Danilo · April 5, 2019, 7:12am

Hi Matteo,

if there is nothing dedicated to that yet, on the other hand you can implement that behaviour with filters. For example

bool skip = false;
RDataFrame df(absoluteMaxEntries);
df.Filter([&skip](){return !skip;}).[rest of the chain].Filter([](){ Check some condition, flip skip if needed}).Snapshot(....);

Would something like that work for you? Unless some synchronisation is used, if this technique is used in MT mode you will have a few more entries than the ones you originally wanted.

Cheers,
D

Axel · April 5, 2019, 7:30am

Maybe use an atomic_bool fCancel in the entry loops? for (entries...) if (fCancel) break; else run RDFNodes?

eguiraud · April 5, 2019, 7:47am

Hi,
This is https://sft.its.cern.ch/jira/browse/ROOT-9372.

The idea is to have an Until method that acts like a Range but on a user-specified condition.
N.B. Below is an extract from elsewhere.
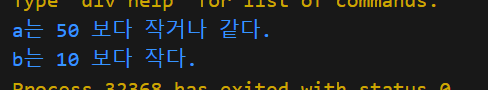 package main import "fmt" func main() { a := 10 if a > 100 { fmt.Println("a는 100 보다 크다.") } else if a > 50 { fmt.Println("a는 50 보다 크다.") } else { fmt.Println("a는 50 보다 작거나 같다.") } if b := 1; b < 10 { fmt.Println("b는 10 보다 작다.") } }실행 결과

Not sure about multi-threading support though, that will be tricky.

Cheers,
Enrico

malfonsi79 · April 12, 2019, 9:10am

Dear all,

thanks for the suggestions, which seems to do the work, and nice to learn that you are already planning a solution for future versions.

My idea of using exceptions came from the fact that sometimes the condition to interrupt gracefully the main loop could come from some special situation occurring in the one of the end-leaves of the evaluation graph… but I admit that I should come with a more concrete case to demonstrate that the solution from Danilo is not viable.
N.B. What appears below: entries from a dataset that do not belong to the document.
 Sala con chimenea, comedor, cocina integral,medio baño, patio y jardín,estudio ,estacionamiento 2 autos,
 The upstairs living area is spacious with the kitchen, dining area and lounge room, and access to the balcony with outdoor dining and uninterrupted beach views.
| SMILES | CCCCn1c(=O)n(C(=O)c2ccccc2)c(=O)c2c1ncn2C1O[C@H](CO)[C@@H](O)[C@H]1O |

About MT, at the moment I do not find it really beneficial for my lab-size projects. Maybe with the structure of the LHC data and the available computing infrastructures for LHC you can see a big boost, but so far for all my cases, even with moderatly intensive calculations, the bottle-neck is just the data reading from disk and I stopped trying it.
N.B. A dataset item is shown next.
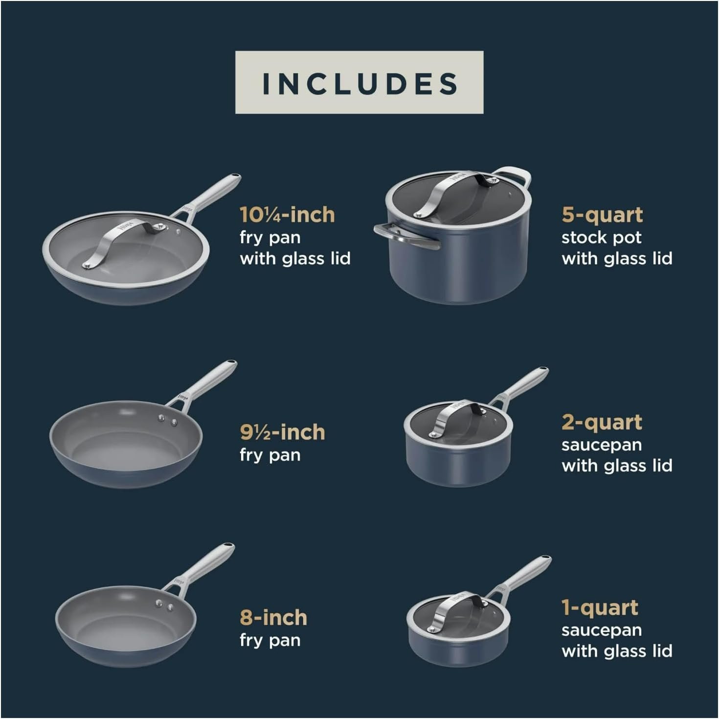 • 10-Piece Complete Set – Includes fry pans, saucepans with lids, and stockpot for all your cooking needs.

eguiraud · April 12, 2019, 9:44am

Interesting…RDF multi-threading parallelizes ROOT I/O too (e.g. different clusters of entries are decompressed in parallel), so it should be beneficial. You should see no speed-up only if one thread already saturates the disk I/O bandwidth, which is usually not the case.
Is this with data on SSD, spinning disk or read via network?

Cheers,
Enrico

malfonsi79 · April 12, 2019, 10:59am

Standard PC spinning disk, I assumed that the disk bandwidth was saturated.
But do not think from my statement that I did any special benchmarks more than time-ing the command that launches the script in the two cases (no MT and 6 threads MT). Probably I can collect more accurate information in some other occasion - I always wanted to write a congratulation/feedback thread on the RDataFrame feature, but as usual “spare time” is the real issue - or we go out-of-topic and we waste real time on hypotheses.

Thanks again,
Matteo

eguiraud · April 12, 2019, 12:08pm

Standard PC spinning disk, I assumed that the disk bandwidth was saturated.

That would also be my guess. We typically test on SSD’s, and commonly see almost-linear speed-ups on machines with 4 or 8 cores.

always wanted to write a congratulation/feedback thread on the RDataFrame feature

congratulations are welcome, but feedback is precious!

system · April 26, 2019, 12:08pm

This topic was automatically closed 14 days after the last reply. New replies are no longer allowed.